- DATA SHOWN
+--

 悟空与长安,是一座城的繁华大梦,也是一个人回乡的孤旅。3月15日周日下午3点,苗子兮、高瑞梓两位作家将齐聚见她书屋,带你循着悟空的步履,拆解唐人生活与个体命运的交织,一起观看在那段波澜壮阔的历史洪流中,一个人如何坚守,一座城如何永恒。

+--

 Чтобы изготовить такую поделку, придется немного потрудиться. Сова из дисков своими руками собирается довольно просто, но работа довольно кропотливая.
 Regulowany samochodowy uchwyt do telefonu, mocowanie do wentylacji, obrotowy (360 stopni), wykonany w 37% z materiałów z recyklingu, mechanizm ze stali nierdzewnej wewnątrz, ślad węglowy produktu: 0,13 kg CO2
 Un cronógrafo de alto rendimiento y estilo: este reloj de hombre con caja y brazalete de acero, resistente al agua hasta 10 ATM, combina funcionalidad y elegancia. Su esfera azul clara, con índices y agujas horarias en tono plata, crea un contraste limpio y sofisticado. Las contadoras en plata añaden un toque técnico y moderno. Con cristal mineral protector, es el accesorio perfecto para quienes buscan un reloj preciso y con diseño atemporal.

+--

- WHAT TO DO
Your answer should be the lines above from the one containing "Чтобы изготовить такую" through the one containing "Un cronógrafo de", copied exactly and with both ends kept.

- TASK RESPONSE
 Чтобы изготовить такую поделку, придется немного потрудиться. Сова из дисков своими руками собирается довольно просто, но работа довольно кропотливая.
 Regulowany samochodowy uchwyt do telefonu, mocowanie do wentylacji, obrotowy (360 stopni), wykonany w 37% z materiałów z recyklingu, mechanizm ze stali nierdzewnej wewnątrz, ślad węglowy produktu: 0,13 kg CO2
 Un cronógrafo de alto rendimiento y estilo: este reloj de hombre con caja y brazalete de acero, resistente al agua hasta 10 ATM, combina funcionalidad y elegancia. Su esfera azul clara, con índices y agujas horarias en tono plata, crea un contraste limpio y sofisticado. Las contadoras en plata añaden un toque técnico y moderno. Con cristal mineral protector, es el accesorio perfecto para quienes buscan un reloj preciso y con diseño atemporal.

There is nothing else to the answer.